復交50年、「日中共同声明」の原点を!

飯田日中友好協会理事長 小林勝人

明年は日中国交正常化から50周年を迎える。日中関係が厳しさを増している中で、日中共同声明を今改めて読み直し、その原点を確認しておきたい。

Ⅰ 戦争責任

  1972年9月25日、田中角栄首相一行は、北京到着後直ちに第一回日中首脳会談に入り、重要問題に関して、緊張と友好ムードの入り混じった雰囲気の中で討議が進められた。

 1)戦争状態の終結に関して、日本側は「日台条約によって基本的に解決済み」とする条約論を展開するも、中国側は、日本が「サンフランシスコ条約体制を受けて結んだ日台条約は、中華人民共和国が成立した以降に締結したものであり、不法であり、無効であって、戦争状態は法的に何ら終結されていない」とする立場であった。この重大な問題について中国としては、黙認するわけにはいかないと、周恩来は主張した。

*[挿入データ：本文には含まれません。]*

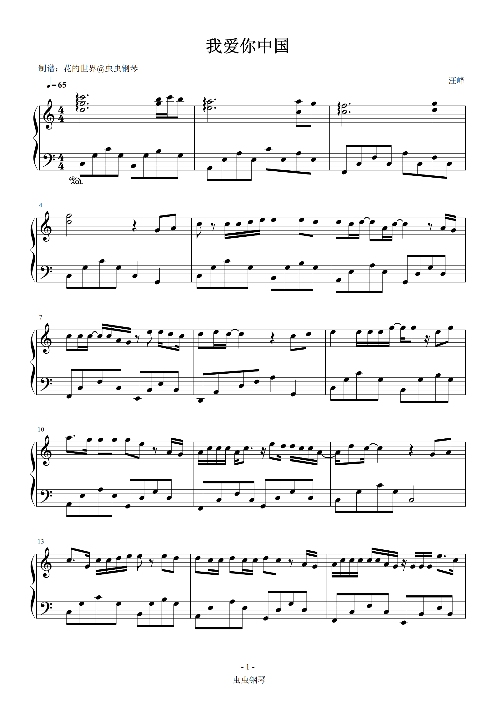 我爱你中国钢琴谱简易版-汪峰
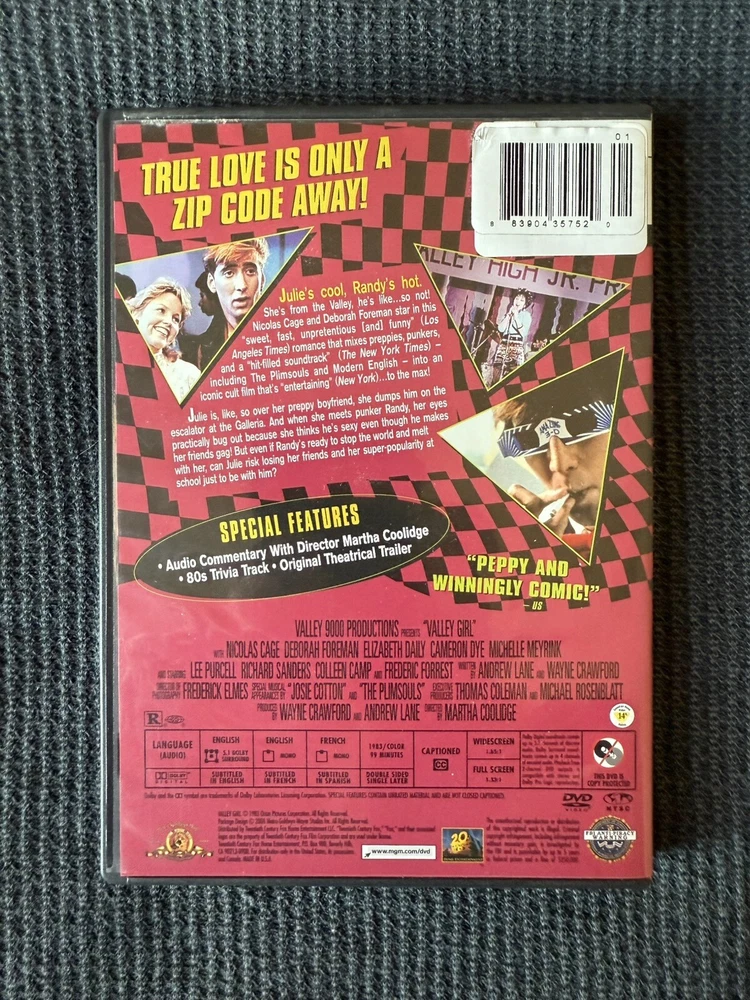 Relive the classic 1980s comedy with "Valley Girl" on DVD. This cult favorite stars Nicolas Cage and Deborah Foreman in a hilariously opposite world of yuppie Los Angeles. With a run time of 99 minutes, this DVD features the original English and French language tracks, and is rated R for mature audiences. Producers Andrew Lane, Thomas Coleman, and Wayne Crawford bring you this must-have addition to your comedy collection, directed by Martha Coolidge. Add "Valley Girl" to your DVD library today!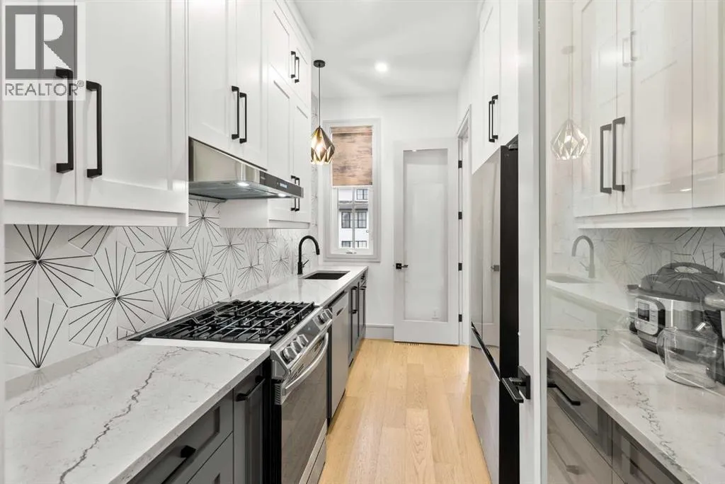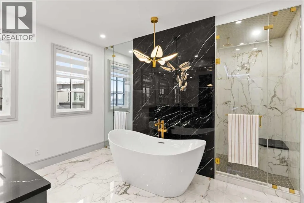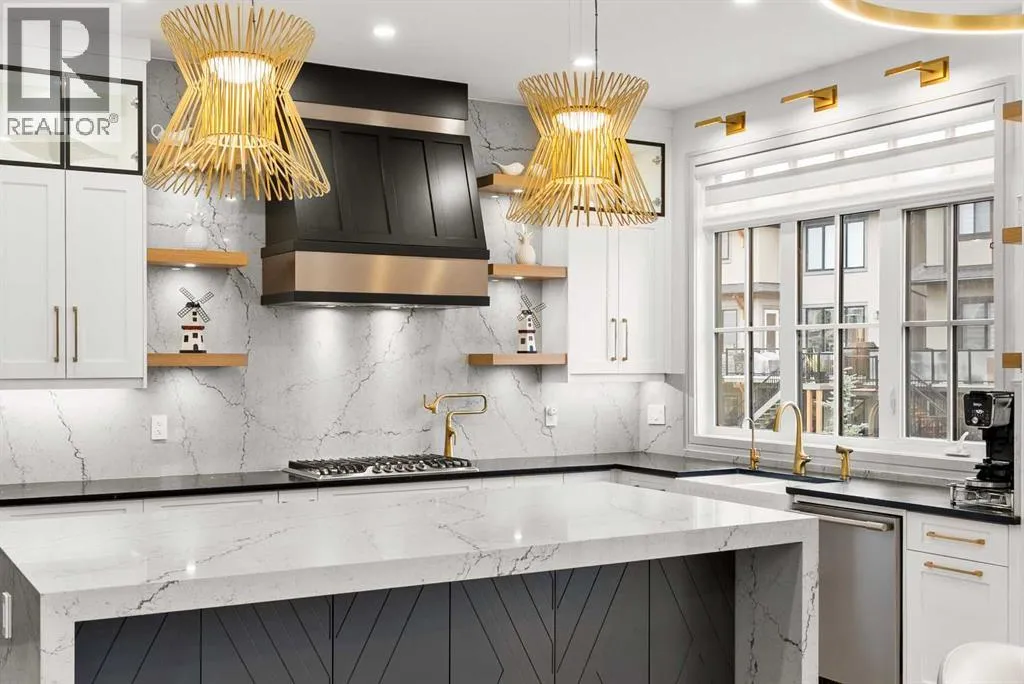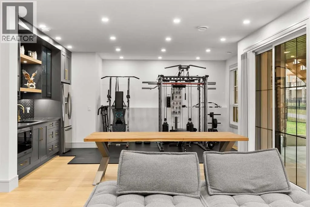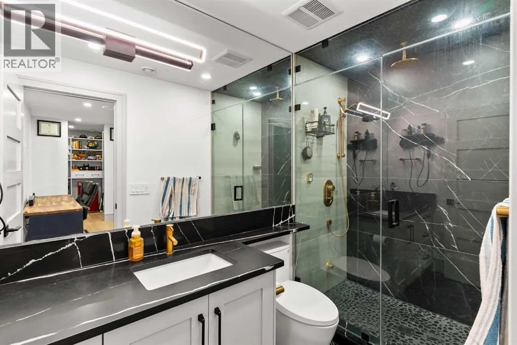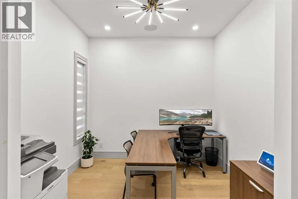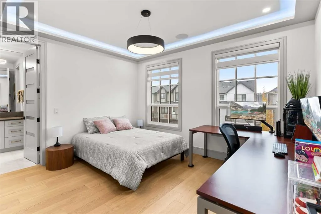 Welcome to 1473 Coopers Landing SW, an extraordinary residence backing onto a serene pond and pathway. This architectural gem boasts a total of impressive 5,528 square feet of thoughtfully designed living space, exemplifying the height of luxury. As you enter, youâre greeted by grand 10' ceilings on the main floor, featuring a sleek, modern flat paint finish. The main level flows seamlessly, including a Living Room, Formal Dining Room, Den/Office, Family Room, Nook, Main Kitchen, Spice Kitchen or Butlerâs Kitchen, and a Full Bath with a custom shower. A large low maintenance deck with plexiglass railings and stairs leading down to the backyard off the kitchen nook overlooks the numerous pathways and greenery that is a beautiful feature in Coopers Crossing. Daily life is made effortless with a convenient Mud Room and direct access to the garage. Ascending to the second floor on a one of a kind set of stairs, youâll find 9' ceilings and a versatile bonus room, ideal for a media space or home office. Four spacious bedrooms await, each with its own bathroom and walk-in closet. The luxurious custom ceiling perimeter with RGB LED lighting adds a touch of elegance. Donât overlook the intriguing Unfinished Hidden Room, a perfect canvas for your creative vision.The basement is an entertainer's dream, featuring a Rec Room, Nook, Gym, Wet Bar, and two additional bedrooms with their own full baths. A second laundry area adds to the convenience, ensuring that every need is met.Craftsmanship is unparalleled throughout, highlighted by upgraded plumbing fixtures from MOEN ALIGN in a beautiful brushed gold finish. A robust boiler system provides continuous hot water, complemented by in-floor heating in the basement(2 zones) and a hot water circulation pump for instant access at every faucet.The oversized triple tandem garage is thoughtfully roughed in for a gas heater and car charger, with hot and cold water facilities for added convenience. Outdoor elegance shines through with custom timber sourced from Revelstoke, BC, featuring a stunning timber-framed front porch and PARGOLA above the garage. The beautifully landscaped grounds include an exposed aggregate driveway, porch patio, and entry stairs.Technology is seamlessly integrated, featuring a wired security system, cameras, LCD screens, Eufy Smart Lock, dual-camera doorbell, and a speaker system throughout the home, ensuring security and entertainment are paramount.Experience warmth and sophistication with the 120â Electric Fireplace in the basement, the contemporary 60â Linear Gas Fireplace on the main floor, and the serene 72â Electric Fireplace in the bonus room. Every detail of this home reflects a commitment to comfort and luxury.Donât miss the chance to experience the epitome of luxury living in Coopers Crossing in Airdrie. Too many upgrades to list!!!. Schedule your private viewing todayâthis isnât just a house; itâs an extraordinary lifestyle. (id:27476)

 2)さらにその夜の周恩来主催の歓迎会の席上、田中首相演説での、「多大なご迷惑」発言が問題視され急遽、翌日の「万里の長城」見学の車中で、大平外相、姫鵬飛外交部長の会談がもたれ、続いて、首脳会談が再開された。この中で、 中国側はかつての戦争の責任について、軍部と国民を二分し、悪いのは「軍部」であって、国民は「被害者」であったとする、日本国民を免罪した公式見解が示された。これは、中国の未来を見据えての政治的智恵だと考えるべきで、日本国民自らが、責任がないと甘えて良いかは別問題である。中国では「賠償放棄」を含め共同声明に関して全土にわたって、人民への「説得教育」が行われたという。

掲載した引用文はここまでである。